W Nowym Orleanie mogą tylko machnąć ręką i stwierdzić, że zdążyli się do swojego pecha przyzwyczaić. Zespół z Luizjany stracił właśnie Dante Cunninghama, który prawdopodobnie nie zagra do końca roku. To samo może czekać Michaela Cartera-Williamsa z Chicago Bulls i niemal na pewno Reggiego Bullocka z Detroit Pistons.
Dante Cunningham doznał kontuzji podczas ostatniego meczu New Orleans Pelicans przed świętem dziękczynienia. Lekarze stwierdzili, że weteran Pels ma złamaną kość łydki. Uraz nie jest bardzo poważny, ale zawodnik będzie potrzebował odpocząć od gry przez kolejne 4/6 tygodni. Niedawno do gry dla Pelicans wrócił Jrue Holiday.

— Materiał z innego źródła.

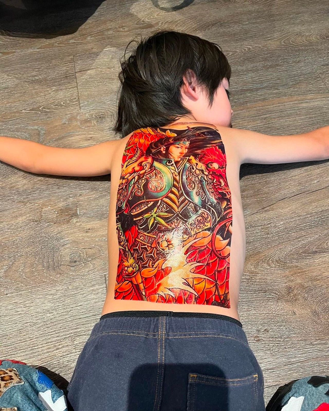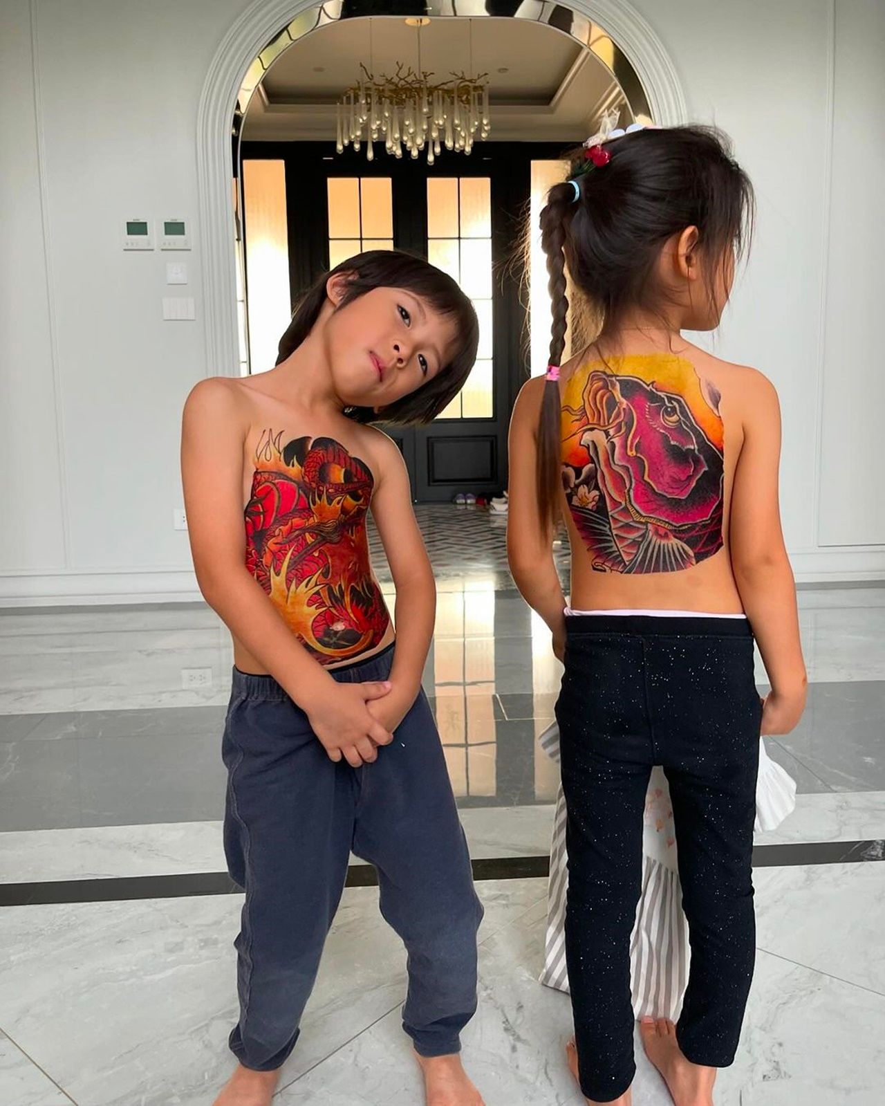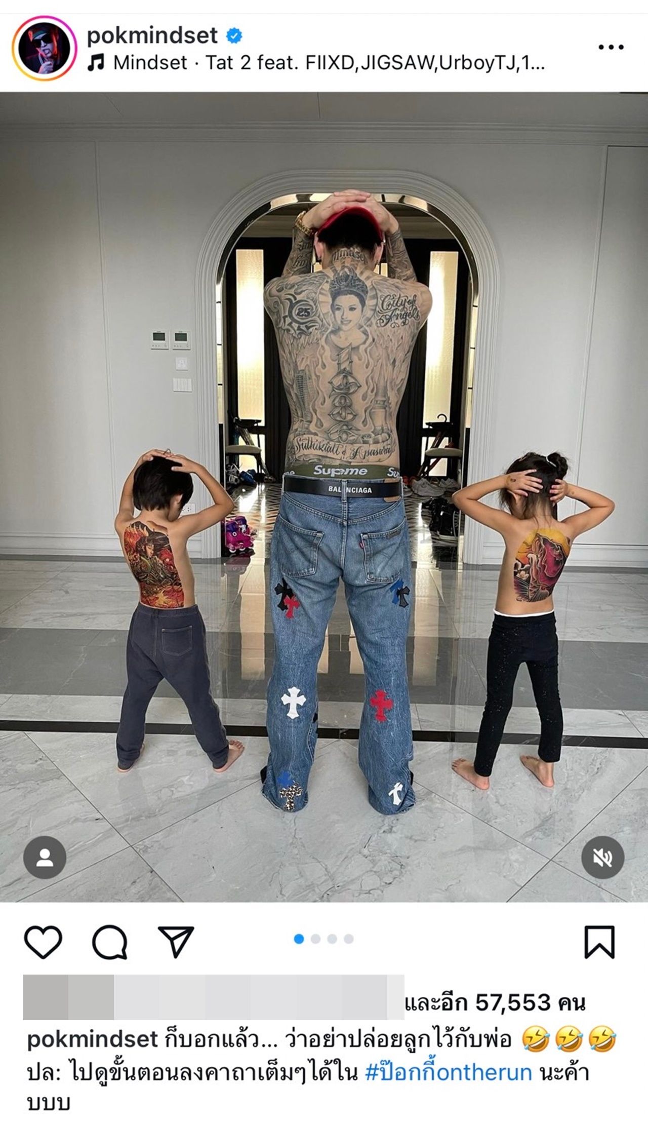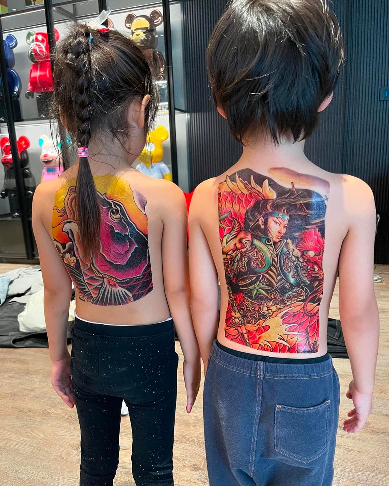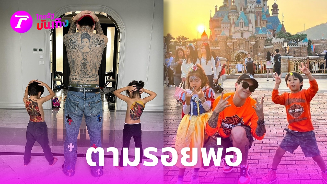 เมื่อเจ้าตัวได้เผยภาพสุดเท่และน่าเอ็นดูของลูกฝาแฝดชายหญิงอย่าง น้องมีก้า กับ น้องมีญ่า ที่ชวนอึ้ง มีรอยสักแบบเต็มทั้งแผ่นหลัง รวมถึงภาพที่ 3 คนพ่อลูกยืนหันหลังโชว์รอยสักสวยๆ ด้วยกัน พร้อมเขียนแคปชั่นว่า

Zespół nadal czeka na Tyreke Evansa i Quincy’ego Pondextera. Cunningham dołączy do swoich kolegów i do końca 2016 drużynie będzie przyglądał się z boku.
Chociaż Dante nie jest jednym ze strzelców, robi dla drużyny Alvina Gentry’ego wiele małych rzeczy po obu stronach parkietu. Nigdy nie odpuszcza walki i zawsze pomaga wykreować pozycje zarówno dla siebie, jak i dla kolegi. Bardzo pragmatyczny weteran, jakich trenerzy potrzebują do brudnej roboty. W 15 meczach Pels notował średnio 5,6 punktu, 3,9 zbiórki i trafiał 41% za trzy.

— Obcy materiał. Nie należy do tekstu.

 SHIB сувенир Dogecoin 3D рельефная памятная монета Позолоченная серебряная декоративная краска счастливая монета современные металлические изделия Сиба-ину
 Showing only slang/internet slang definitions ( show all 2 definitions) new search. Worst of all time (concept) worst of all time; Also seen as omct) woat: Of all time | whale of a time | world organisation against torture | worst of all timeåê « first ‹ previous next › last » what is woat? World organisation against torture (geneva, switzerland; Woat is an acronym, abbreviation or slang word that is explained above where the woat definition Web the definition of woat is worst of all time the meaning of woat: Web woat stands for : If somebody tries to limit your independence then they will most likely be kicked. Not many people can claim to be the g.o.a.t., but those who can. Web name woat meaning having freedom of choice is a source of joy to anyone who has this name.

Znacznie poważniejszego urazu nabawił się młody Reggie Bullock z Detroit Pistons. Przez problemy z biodrem i plecami zawodnik zadebiutował dopiero niedawno. W meczu z Miami Heat doznał niestety pęknięcia lewej łąkotki w kolanie, a to najprawdopodobniej oznacza operację i kilka miesięcy przerwy. Chyba że sztab medyczny zdecyduje się na inną drogę rehabilitacji i zawodnik wróci już za parę tygodni. Wszystko zależy od tego, jak mocno uszkodzona została łąkotka.
Problemy ciągną się także za Michaelem Carterem-Williamsem, który trafił do Chicago Bulls przed rozpoczęciem sezonu w wymianie z Milwaukee Bucks. Rozgrywający opuścił kilka ostatnich meczów z powodu kontuzji kolana. Niemniej kolejne prześwietlenie dotyczyło nadgarstka i pokazało, że są w nim kawałki kości, których pozbycie będzie kosztowała zawodnika kolejnych 4/6 tygodni przerwy. Na razie MCW rozegrał dla Byków tylko trzy mecze. Na swoją szansę musi czekać do przyszłego roku.